Running samples through chromatography columns functionalized with kinase inhibitors, the researchers are able to pull out active kinases from tumor samples, which they can then identify and quantify via mass spec, allowing them to look for outliers that are especially upregulated in disease cases.

And Fred Hutchinson Cancer Research Center researcher Amanda Paulovich presented on the CPTAC group's efforts to develop multiple-reaction monitoring assays for targeted protein analysis, with the aim of ending researchers' reliance on antibody-based techniques like Western blots for protein quantitation.

Echoing the concerns of many proteomics researchers, she noted the poor reliability and limited availability of antibodies and highlighted targeted mass spec – and MRM and immuno-MRM specifically – as a promising alternative.
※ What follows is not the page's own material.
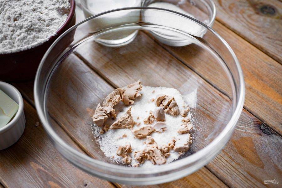 В миску пальцами разотрите дрожжи, добавьте одну столовую ложку сахара.

Demonstrating the potential of the technique, Paulovich presented data on a pair of assays she and her colleagues have developed for measuring proteins in the DNA damage response network – an 82-plex immuno-MRM assay for measuring signaling activity in this pathway and a 135-plex IMAC-MRM assay targeting the same pathway but using IMAC enrichment of phosphopepetides instead of antibody enrichment.

Paulovich also highlighted the CPTAC assay portal, which currently contains 554 MRM assays to 306 proteins as well as 314 monoclonal antibodies for use in immuno-MRM assays that researchers can obtain at cost. She noted that by the end of summer 2016, the portal will contain around 2,000 MRM assays provided by the various CPTAC groups.

Generating MRM content will be key to widespread adoption of the technology, she said, noting that ultimately MRM will ideally be provided as a service where researchers can easily obtain kits with all the reagents and standards required to measure their proteins of interest. Currently, she said, the technology suffers from something of a "chicken or the egg" problem, with vendors reluctant to invest in building MRM offerings due to low researcher demand, and research demand being stifled by a lack of easily accessible MRM assays.

To that end, Paulovich and other researchers are exploring public-private partnerships that could foster MRM development with the ultimate aim of making developing and offering assays a viable commercial business.